Disc degeneration is accompanied by changes in the matrixes of both the nucleus pulposus and the inner annulus fibrosus that are mediated by an inflammatory process (9). Nociceptive stimuli include pro-inflammatory cytokines produced by disc cells [such as interleukin (IL)-1, IL-4, IL-6, IL-8, IL-12, IL-17], interferon-γ, tumor necrosis factor (TNF)-α, downstream signaling molecules such as nitric oxide (NO), leukotrienes, prostaglandin E and by-products of disc cell metabolism such as lactic acid (9). Disc degeneration can also be caused by aging, apoptosis, vascular ingrowth, failure of nutrient supply to disc cells, abnormal mechanical loads or genetic factors (7,10). Rather than simply providing symptomatic relief, it is important to understand the pathophysiology of degenerated discs to determine the most effective treatment of the underlying cause.
Current treatments for discogenic back pain
As extensively reviewed by Raj et al. (7) and Simon et al. (11), a number of methods are used for the management of discogenic low back pain (Table 1). Since it is widely believed that degenerated discs are the source of discogenic pain, treatments mostly focus on surgical procedures such as fusion and total disc replacement. The reliability and effectiveness of these surgical procedures are still debated, as they are reported to only offer pain relief (9). Alternatively, non-invasive methods such as benign neglect, physical therapy or symptom control with medication or injection have been employed to treat discogenic pain. Notably, these treatments do not improve the underlying degenerative condition, although they do resolve its symptoms (12). This clearly indicates the need for new therapies and/or interventions that actually treat the underlying causes of discogenic pain. Accordingly, increased attention has been given to emerging techniques such as growth factor therapy, and biomolecular and cellular treatments.
Full table
Previously reported in vitro, in vivo and clinical data clearly demonstrate the effectiveness and feasibility of biomolecular and cellular therapies for treating degenerative disc disease (13-15). Direct injection of growth factors into the annulus fibrosus and nucleus pulposus have resulted in clinically-proven improvement (16). Cellular and biomolecular treatments (which are in the clinical trial stage) combined with tissue engineering and annular repair (which are still in the preclinical stages) have been proposed to have great potential for the treatment of degenerative disc disease (17). Regenerative therapies for degenerated discs should focus on stimulating the production of the extracellular matrix or inhibiting the cytokines that upregulate matrix-degrading enzymes, which in turn may prevent loss of disc space height, increased loading on posterior elements and spinal stenosis (18).

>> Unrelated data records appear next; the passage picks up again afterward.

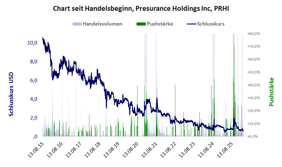 Das tägliche Handelsvolumen betrug an obiger Börse während der letzten drei Monate bis Berichtsdatum: 104.135 Stück, das sind 0,4% der ausgegebenen Aktien. Bei Presurance Holdings rechtfertigt das schwache operative Geschäft nicht die Geldverbrennung.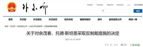 现公布《关于对余茂春、托德·斯坦恩采取反制裁措施的决定》,自2022年12月23日起施行。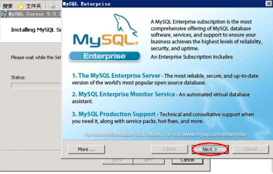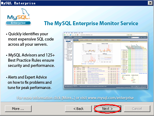 6) 安装过程中,安装向导会弹出“MySQL Enterprise”的介绍页面,直接点击“Next”按钮。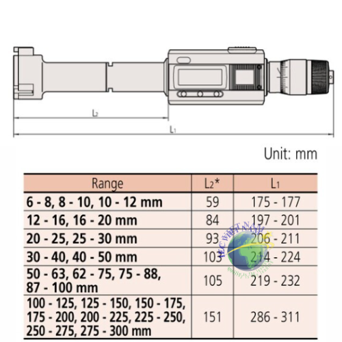 | Mã số | Phạm vi (mm) | Độ phân giải (mm) | Sai số tối đa cho phép (µm) | Thanh kéo dài (Tùy chọn) |

Platelet-rich plasma (PRP)
PRP is defined as autologous blood with platelet concentrations above the physiological baseline. It is obtained by a centrifugation process which separates the liquid and solid components of blood (19,20). In recent years, PRP injections have gained considerable attention as a treatment method for musculoskeletal conditions due to their safety and ability to potentially enhance soft tissue healing. Tissue regeneration in musculoskeletal conditions is achieved by injecting PRP percutaneously. PRP has been effectively used for the treatment of rotator cuff tears, osteoarthritis of the knee, ulnar collateral ligament tears, lateral epicondylitis, hamstring injuries and Achilles tendinopathy (21). However, there is limited data showing its effectiveness for the treatment of intervertebral disc degeneration and low back pain. This article aims to shed light on the use of PRP for treating discogenic low back pain by reviewing the current clinical evidence in human applications.
Repairing effect of PRP
PRP is postulated to promote endogenous healing processes; however, the mechanism remains unclear. It is reported that healing occurs after PRP stimulates the recruitment, proliferation and differentiation of cells involved in regeneration via a number of growth factors and proteins released from the platelets (22). Nonetheless, platelets contain antibacterial proteins and are capable of migrating to injury sites (23). The growth factors released by platelets include vascular endothelial growth factor (VEGF), epidermal growth factor (EGF), transforming growth factor (TGF) β-1, platelet-derived growth factor (PDGF), hepatocyte growth factor (HGF), insulin-like growth factor (IGF)-I, basic fibroblast growth factor (bFGF) and connective tissue growth factor (CTGF), which contribute significantly to tissue proliferation (22,24,25). These growth factors, produced by the concentrated platelets present in PRP, may restore the integrity of the extracellular matrixes of degenerating intervertebral discs (26). A key characteristic of these platelets is that they can release cytokines, chemokines and chemokine receptors and, thus, contribute to the regulation of inflammatory responses and immunological aspects of tissue healing. Platelets also prevent excessive leukocyte recruitment by anti-inflammatory cytokines (27).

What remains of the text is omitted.